Stored records
-- Opening Marker --

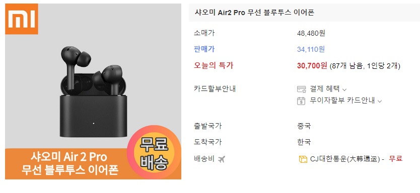 우연하게도 샤오미 air2 pro가 말도 안 되는 가격에 할인한다는 얘기가 있어서 찾아보았습니다.
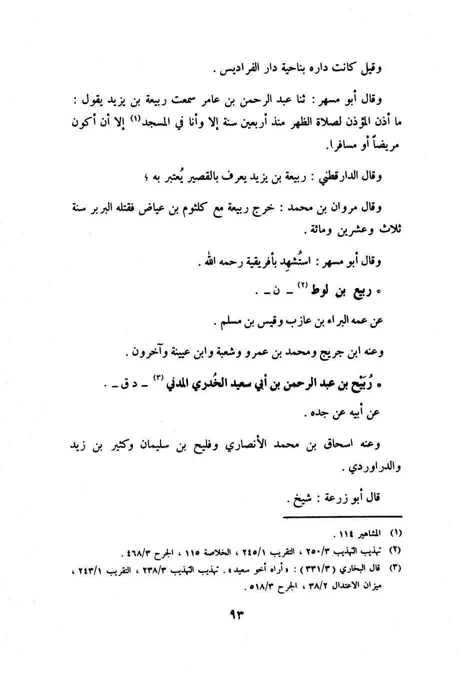 وَقَالَ أَبُو مُسْهِرٍ: ثنا عَبْدُ الرَّحْمَنِ بْنُ عَامِرٍ سَمِعْتُ رَبِيعَةَ بْنَ يَزِيدَ يَقُولُ:
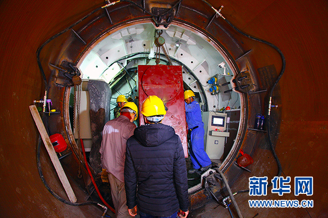 圖為施工人員在頂管管道頂端做準備工作。
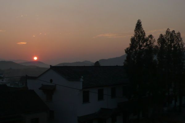 我和夫人于2008.10.20下午离开大慈岩悬空寺,在公路边等了一辆去新叶的中巴(去新叶的车很多),约半小时在近黄昏时到达新叶。在村口小卖店我们安顿住下后就进了村。进村后见路边有个小饭店,就进去,想着先吃点饭顺便向店老板打听一下村里的情况。老板见我们是外地游客很热情,没等我们问就向我们介绍起新叶村,还趁备饭时间请老板娘领我们在村里转转。老板娘人也很好,领我们看了村里的主要景点,并告诉行走路线。由于天色已晚,几乎所去景点都已关门,虽然景点内未看成,但外貌也看了大概。新叶村的黄昏其景色也是很美的,感觉即古老又安静。在夜幕将降之时我抢拍了几张照片,也算同享落日时的新叶。
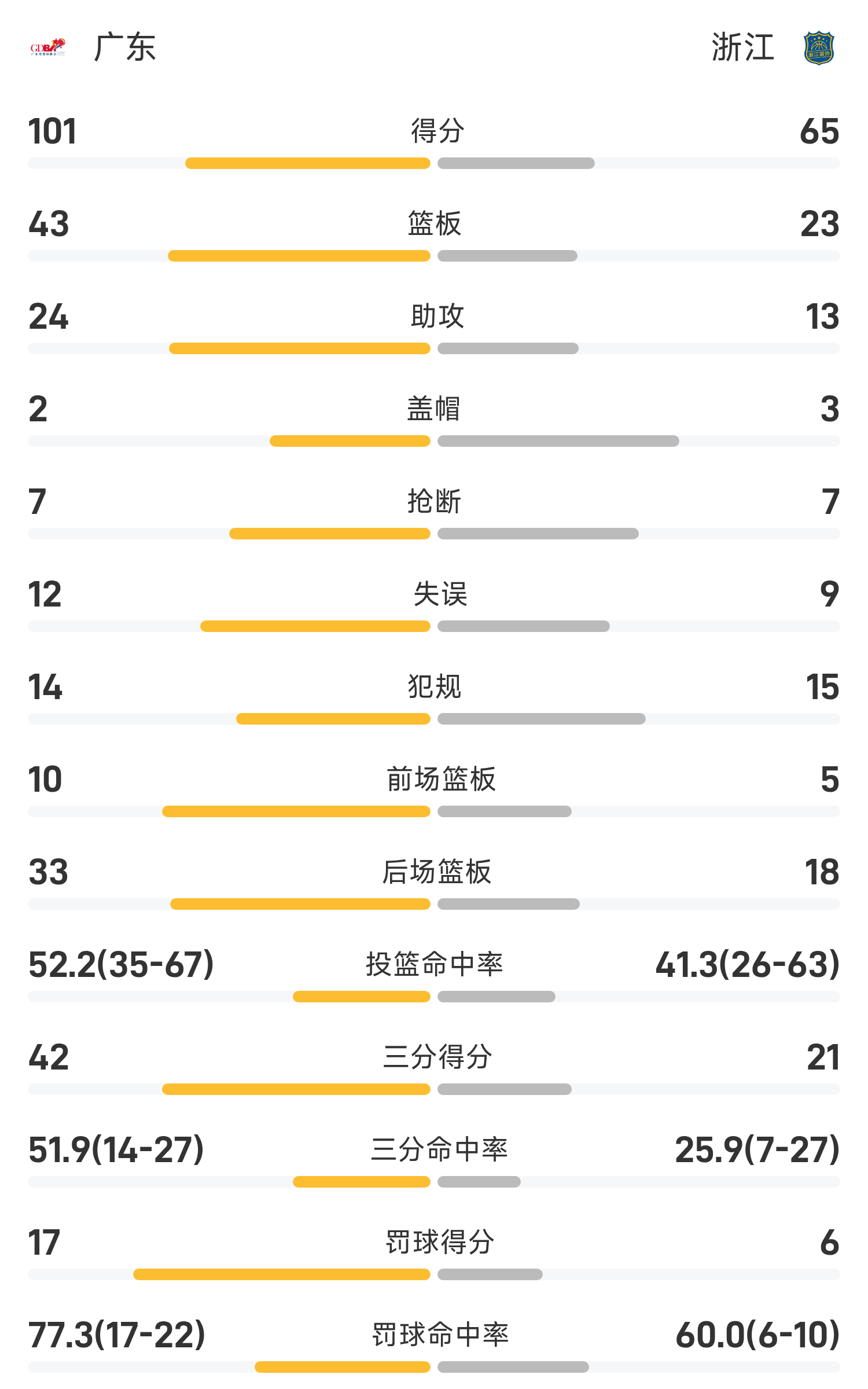 双方全场战罢,浙江65-101不敌广东。
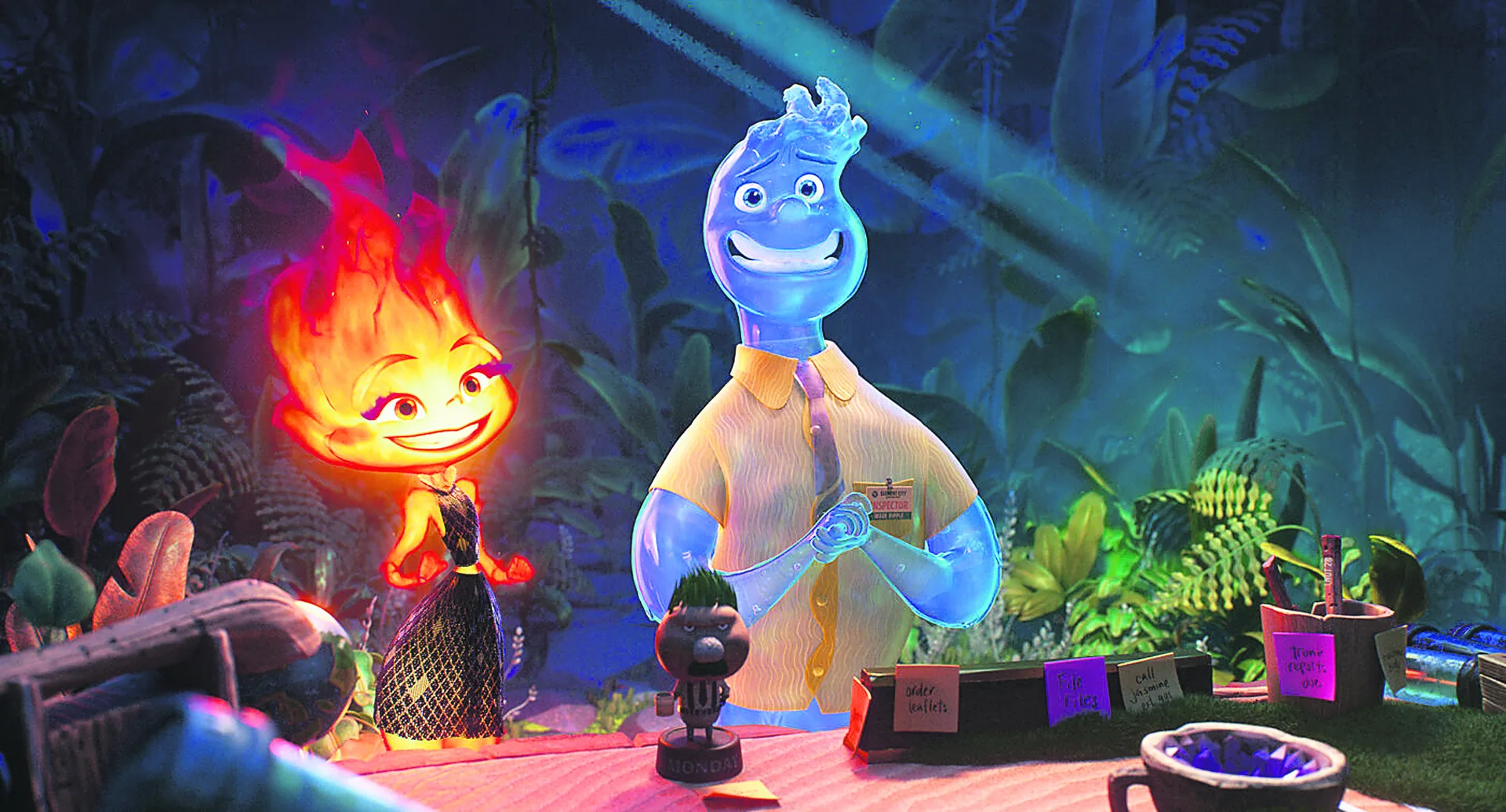 Στη νέα ταινία της Pixar μεταφερόμαστε στην πόλη Elemental, όπου τα τέσσερα στοιχεία της φύσης, φωτιά, νερό, αέρας και γη, έχουν καταφέρει να βρουν τρόπους να ζουν μαζί, παρά τις αντιθέσεις τους. Στο επίκεντρο της ιστορίας βρίσκονται δύο χαρακτήρες που από τη φύση τους έρχονται σε σύγκρουση. Ο Γουέιντ είναι φτιαγμένος από νερό και είναι ήσυχος, καλόβολος, «πάει με το ρεύμα» θα λέγαμε. Από την άλλη, η Εμπερ είναι φτιαγμένη από φωτιά, είναι δυναμική, ανήσυχη και ατρόμητη. Ομως, δεν μπορεί να κυκλοφορεί στην πόλη χωρίς να βλέπει τους άλλους κατοίκους να παραμερίζουν στο πέρασμά της. Ακόμα και η ίδια φοβάται να έρθει σε επαφή μαζί τους, καθώς ξέρει πολύ καλά ότι μπορεί να τους προκαλέσει κακό και αρκείται στις βόλτες στη δική της γειτονιά, υπακούοντας, άλλωστε, και στα λόγια της μητέρας της, που της θυμίζουν διαρκώς ότι «φωτιά και νερό δεν πάνε μαζί».

-- Closing Marker --

### Exercise goal:
Output exactly the lines from the line containing "圖為施工人員在頂管管道頂端做準備工作。" through the last line of the records, both included, and leave out every picture.

### Worked solution:
 圖為施工人員在頂管管道頂端做準備工作。
 我和夫人于2008.10.20下午离开大慈岩悬空寺,在公路边等了一辆去新叶的中巴(去新叶的车很多),约半小时在近黄昏时到达新叶。在村口小卖店我们安顿住下后就进了村。进村后见路边有个小饭店,就进去,想着先吃点饭顺便向店老板打听一下村里的情况。老板见我们是外地游客很热情,没等我们问就向我们介绍起新叶村,还趁备饭时间请老板娘领我们在村里转转。老板娘人也很好,领我们看了村里的主要景点,并告诉行走路线。由于天色已晚,几乎所去景点都已关门,虽然景点内未看成,但外貌也看了大概。新叶村的黄昏其景色也是很美的,感觉即古老又安静。在夜幕将降之时我抢拍了几张照片,也算同享落日时的新叶。
 双方全场战罢,浙江65-101不敌广东。
 Στη νέα ταινία της Pixar μεταφερόμαστε στην πόλη Elemental, όπου τα τέσσερα στοιχεία της φύσης, φωτιά, νερό, αέρας και γη, έχουν καταφέρει να βρουν τρόπους να ζουν μαζί, παρά τις αντιθέσεις τους. Στο επίκεντρο της ιστορίας βρίσκονται δύο χαρακτήρες που από τη φύση τους έρχονται σε σύγκρουση. Ο Γουέιντ είναι φτιαγμένος από νερό και είναι ήσυχος, καλόβολος, «πάει με το ρεύμα» θα λέγαμε. Από την άλλη, η Εμπερ είναι φτιαγμένη από φωτιά, είναι δυναμική, ανήσυχη και ατρόμητη. Ομως, δεν μπορεί να κυκλοφορεί στην πόλη χωρίς να βλέπει τους άλλους κατοίκους να παραμερίζουν στο πέρασμά της. Ακόμα και η ίδια φοβάται να έρθει σε επαφή μαζί τους, καθώς ξέρει πολύ καλά ότι μπορεί να τους προκαλέσει κακό και αρκείται στις βόλτες στη δική της γειτονιά, υπακούοντας, άλλωστε, και στα λόγια της μητέρας της, που της θυμίζουν διαρκώς ότι «φωτιά και νερό δεν πάνε μαζί».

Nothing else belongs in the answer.